Já Carlos Gustavo Poggio, professor de Relações Internacionais da Faap e especialista em EUA, destaca que o “retorno à normalidade” deve ocorrer apenas na Casa Branca. Ele alerta que Trump convenceu milhões de pessoas a entrarem em um “universo paralelo” no qual Biden é ilegítimo (mesmo sem provas).
“Fora da Casa Branca não há como voltar à normalidade. As coisas se transformam muito rapidamente. Como um presidente que quer recuperar certo grau de normalidade vai lidar com uma sociedade completamente transformada?”, questiona.
O americanista projeta uma oposição forte e que exigirá jogo de cintura a Biden para construir pontes num contexto que aponta na direção oposta.
"Nós temos hoje duas tribos políticas.
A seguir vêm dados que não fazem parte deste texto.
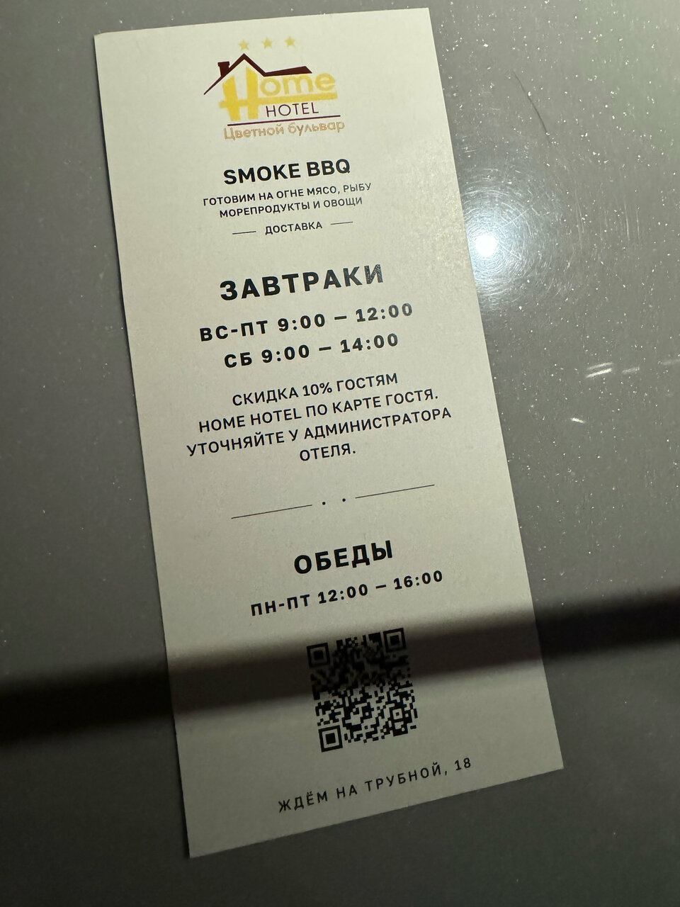 Останавливались в отеле с 4 по 11 октября. Самое большое преимущество отеля — расположение в центре. Полчаса прогулочным шагом до Красной Площади, 5 минут до Бульварного кольца. В пределах 10 минут ходьбы 3 станции метро разных веток. Рядом с отелем есть магазины и кафе. Новый отель, всё чисто. Есть лифт. Номер небольшой, но очень удобный. В номере есть телевизор, кондиционер, чайная станция, фен, сейф. Белоснежная постель и полотенца, очень удобная кровать. За неделю несколько раз вынесли мусор и поменяли полотенца. Хорошая звукоизоляция: не слышно ни соседей, ни звуки в коридоре. Лично мне не хватило крючков для верхней одежды, полочки в душевой кабинке. Ну и хорошо бы, чтобы был маленький холодильник. Но по сравнению с преимуществами отеля — это мелочи, на которые можно закрыть глаза.
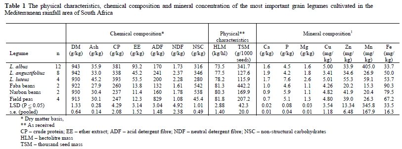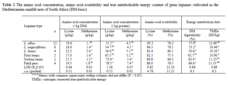 Grain legumes contain moderately high levels of protein and amino acids and are promising alternatives (Wiseman, 1987; Brand et al., 1995). Grain legumes that are cultivated in the Mediterranean rainfall area of South Africa include lupins (Lupinus spp), faba beans (Vicia faba), field peas (Pisum sativum) and narbon beans (Vicia narbonensis). Among these lupins normally contain the highest concentration of protein (299-357 g/kg; May et al., 1993), followed by faba beans (234-388 g/kg; Garrido et al., 1991), peas (145-285 g/kg; Reichert & MacKenzie, 1982) and narbon beans (210-228 g/kg; Eason et al., 1990). However, comparative studies on the composition and nutritive value of the different types of lupins (L. luteus, L. albus and L. angustifolius), faba beans and narbon beans for monogastric animals are limited.

Se o líder da tribo fala para não tomar vacina, você não toma. Se ele muda de ideia no dia seguinte, você também muda. Não é uma questão de posição política, mas de lealdade à tribo. Quando a política vira isso a conciliação se torna difícil”.
Outro ponto a ser observado é a governabilidade, que apesar da maioria no Senado com 50 democratas, 50 republicanos e voto decisivo da vice-presidente Kamala Harris, não se desenha tranquila. Na prática, significa que Biden precisará manter as diversas alas do partido alinhadas, sob risco de perder votos e aprovações de projetos.
Sobre o tema, Poggio argumenta que muitas das alas do partido não são aliadas de Biden. “Elas se uniram por convenção, mas não são alinhadas a ele. Basta olhar para Alexandria Ocasio-Cortez (uma das lideranças mais à esquerda). Com o tempo essas fissuras ficarão mais claras”, projeta.
Para Lucas Leite é “improvável” que questões polêmicas sejam propostas pela gestão em um primeiro momento porque o mandato servirá mais para "pôr ordem na casa” mas chama atenção para a experiência de Biden em negociações com o Congresso já que ele passou décadas atuando no Senado.